Dans sa propre conception, tout projet politique se prétendant révolutionnaire doit donc apporter une réponse claire à la question de l’inéluctable affrontement armé entre classe dominante et classe dominée.

Réponse qu’il n’est pas possible de postposer (à moins de postposer le projet révolutionnaire lui-même) et réponse qui doit se traduire par des éléments concrets, pratiques, présentés aux masses, car c’est de cette façon que s affirmera sa crédibilité.

En déclenchant la lutte armée dans une conjoncture qui n’est pas révolutionnaire (dans une période où l’idée révolutionnaire n’est pas largement répandue dans les masses, où le prolétariat n’est pas mobilisé en fonction d’objectifs révolutionnaires, etc.), les communistes assument leur fonction d’avant-garde politique et impulsent un processus dont l’intégrité est évidente, un processus qui au présent considère objectivement l’avenir.

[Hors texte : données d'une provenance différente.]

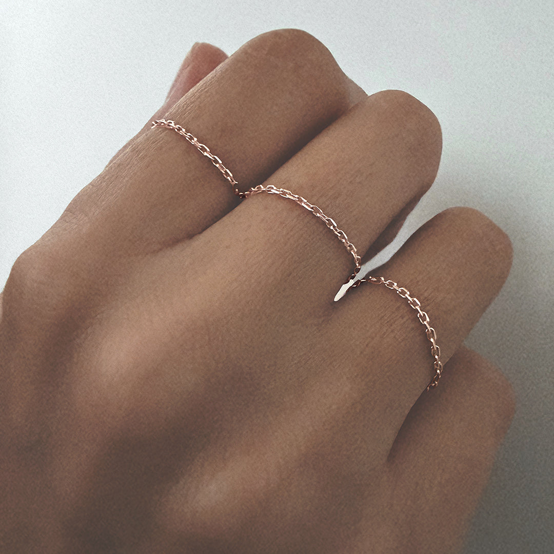 18k rose goldThe Calamity Jane chain ring in 18k rose gold charms with its simplicity and contemporary. look. Its delicate links wrap naturally around the finger, offering a piece of jewelry that’s easy to wear every day, on its own or stacked.

Au fil du développement politico-militaire le camp révolutionnaire fait l’expérience de l’affrontement, en résout les difficultés, accumule des forces dans tous les domaines, etc.

Il nous semble tout à fait évident que s’en remettre à l’inspiration du moment insurrectionnel pour battre une bourgeoisie expérimentée et organisée à grande échelle, armée jusqu’aux dents et prête à tout, bénéficiant de structures, méthodes, équipements bien rodés, etc., n’est pas défendable.

Seuls des fumistes qui ne se sont jamais réellement posés la question de la révolution ou des irresponsables prêts à conduire tout le monde à la catastrophe sont capables d’un pareil choix.

Le mouvement révolutionnaire ne peut faire l’économie d’une riche, dure et longue expérience de lutte armée, au point de vue politique comme au point de vue militaire.